In the past 28 years, JCamp 180 has been the primary outlet through which Grinspoon has invested his wealth. Before the Forward Together grant was announced, he had contributed a total of $55 million to various summer camps.

Currently, JCamp 180 has partnered with 100-plus nonprofit Jewish overnight camps and 40 Jewish day camps to provide them with monetary aid, training and other resources.

“They make their own determinations as to which camps may qualify for different grants,” said Havi Goldscher, CEO of Capital Camps, one of the recipients of the Forward Together grant. “It takes a huge onus off the individual camps so they do not have to make specific requests to the foundation.”

Goldscher works out of the camp’s office in Maryland. Despite Capital Camps’ Pennsylvania location, they primarily serve campers from Maryland, Virginia and Washington, D.C.

Capital Camps plans to use the money they receive from the grant not only to improve the camp itself but to leverage community support.

“The intention and motivation of the grant is just as important as the utility of the funds for our philanthropic community and campaigns, and for our alumni to understand that there’s a national recognition that needs support on this level to be able to plan for the future,” said Goldscher. “That’s a really important story for us to share with our communities and with our philanthropic partners.”

‘Really important that people understand the impact’

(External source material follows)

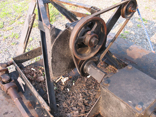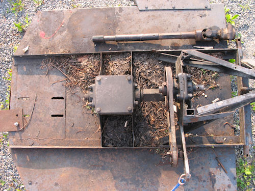 I don't have any additional advice for you, but that thing is amazing! I might be wrong but it looks homemade. I do not understand why whoever made/manufactured it didn't just have the PTO shaft fit directly onto the gearbox? The belt, pulleys etc seem redundant to me unless it was needed to increase blade speed over what the gearbox could provide. I guess it also serves as a sort of slip clutch.

Habonim Dror Camp Moshava, which has offices in North Bethesda and is located in Street, Md., is also a recipient of the Forward Together grant. JCamp 180 also offers similar matching grants to Jewish day camps across the country, though Forward Together is exclusive to overnight camps.

“I think [the Harold Grinspoon Foundation] deeply understands that it’s a tremendous philanthropic endeavor to support camps,” said Goldscher, “and to do it through meaningful substantial resources in order to sustain the work we’re doing now and into the future. I think it’s really important that people understand the impact of JCamp 180.”

Sarah Eisinger, who serves as the director of JCamp 180, said that “this support will give the camps the resources and tools to maintain and steward their current donors and attract new ones.”

The grant, she continued, is very timely for camps who want to improve upon the past successes they have had with fundraising, and “we hope this match gives the camps the confidence to continue sharing the power of Jewish camps so they can be sustainable into the future.”